Foundational AI Models for Optimizing and Understanding Biological Systems. The Model Team will use AI to enable synthetic biology approaches. Leverage advanced AI to decipher protein and pathway function, automate data generation and collection. PIs: Douglas Mans, Paul Adams.

OPAL-FAMOUS

As of January 14, 2026, BER is referring to OPAL and FAMOUS collectively as "OPAL-FAMOUS."

A Generative Pretrained Transformer for Genomic Photosynthesis

Oak Ridge is developing a plant phenotype lakehouse framework.

LAMBDA

Lakehouse-enabled AI-ready Multi-modal Bioimaging Data Architecture. PI: Paul Adams. J. Harry Caufield and Chris Mungall are doing the data modeling for this project. Framework for all BER-supported structural biology and imaging resources. Establish common data structures, metadata standards, and APIs to enable integration of multimodal datasets into the Data Lakehouse. 6-Lab project. Web site: https://lambda-doe.org/

AMP2

Anaerobic Microbial Phenotyping Platform. Hardware platform currently being installed at EMSL.

Platforms & Frameworks

Ganymede

A commercial data lake product based on Google BigQuery. JGI sample data, growth condition information, and EMSL proteomics data. This data is part of the OPAL lab automation project.

CODA

The UI framework and host for Ganymede system.

BERIL

Integrated AI Infrastructure for Genome-to-Phenotype Research Using the BER Data Lakehouse.

CDM

Central Data Model. The KBase data model for the KBase Lakehouse.

KE

Knowledge Engine.

KBase Tenant

A space set up within the KBase Lakehouse infrastructure for a particular partner's data.

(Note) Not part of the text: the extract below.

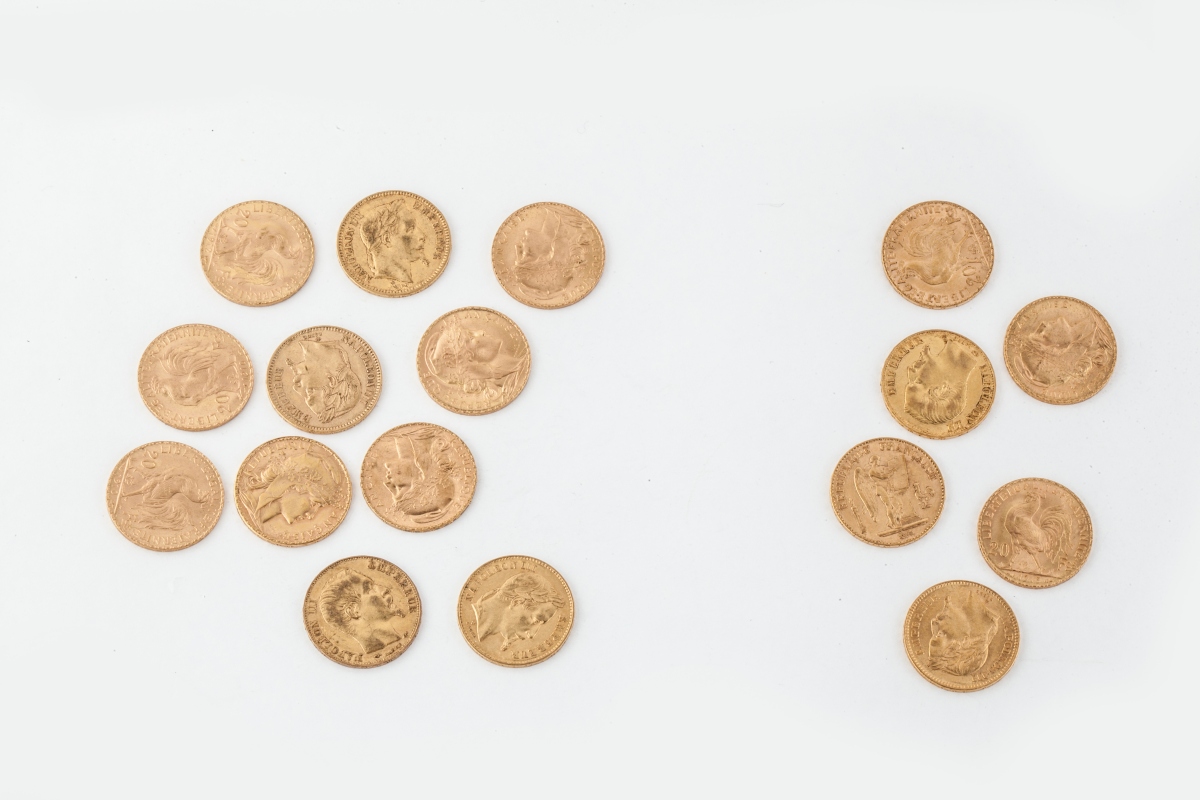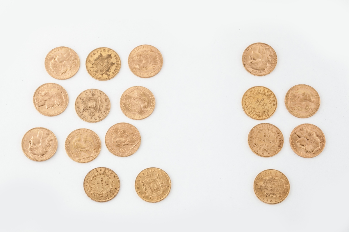 France. Napoléon III et IIIe République. 17 pièces de 20F or: Napoléon III tête nue (1856, 1857), Napoléon III tête laurée (1863 x 3, 1870), Génie (1876) et Coq (1904, 1906, 1909, 1910 x 4, 1912 et 1914).TTB SUP.

Storage & Data Technologies

S3

(Amazon Simple Storage Service.)

MinIO

(S3-compatible object storage.)

DuckDB

(In-process analytical database.)

Parquet

A columnar storage file format.

Iceberg

Open table format for analytic datasets.

Dremio

Data lakehouse query engine.

DBNS

GCS

Google Cloud Storage.

GOLD

AI & Agentic Tooling

Agentic AI

MCP

Model Context Protocol. A somewhat standardized API (e.g., FastMCP in Python, or a Node.js implementation) that is popular among Agentic AI frameworks. Often this is connected to some back-end API or database and is just a pass-through adapter for Agentic frameworks like Goose or Claude Code. This, when paired with any LLM, gives that LLM the ability to access resources provided by that MCP or even to perform actions (e.g., initiate an analytic workflow with specific parameters and data).

LLM

Large Language Model.

Goose

Claude

Claude Code

Data Concepts

ETL

Extract, Transform, Load.

Label / Tag / Keyword / Annotation

All often used as synonyms.

Data Governance

Data Dictionary

Synonym: Controlled Vocabulary (CV).